(Data extract)

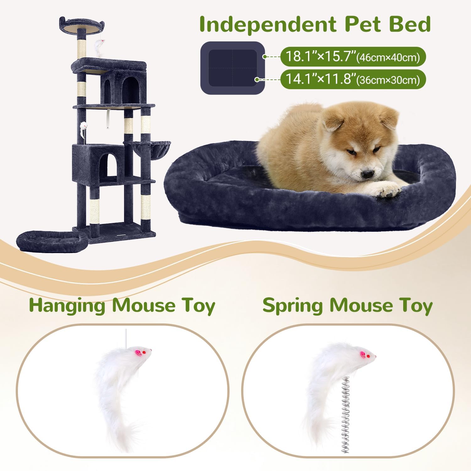 - BONUS INDEPENDENT PET BED- Featuring a separate pet bed(17.7"x 13.4") that is not only suitable for cats but can also be used independently. it can be placed under the cat tower or in your cat's favorite spot. It is also suitable for multi-pet households, allowing other pets to enjoy its benefits
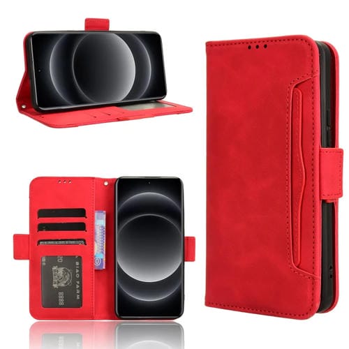 Para Xiaomi 14 Ultra Skin Feel Becerro Textura Ranuras Para Tarjetas Funda De Cuero Para Teléfono (Rojo)
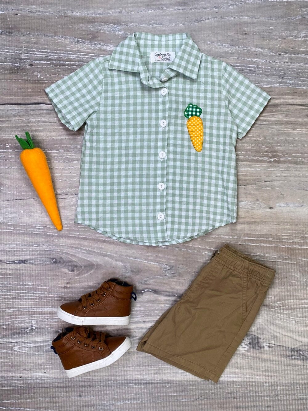 (Custom Design MOQ 5) Green Plaid Carrot Print Boys Button Tee Shirts Easter Top

(End Data extract)

Assignment: Your task is to reproduce exactly the lines from the one that holds "Para Xiaomi 14" to the last line of the listing, and only those, omitting the pictures.

Result:
 Para Xiaomi 14 Ultra Skin Feel Becerro Textura Ranuras Para Tarjetas Funda De Cuero Para Teléfono (Rojo)
 (Custom Design MOQ 5) Green Plaid Carrot Print Boys Button Tee Shirts Easter Top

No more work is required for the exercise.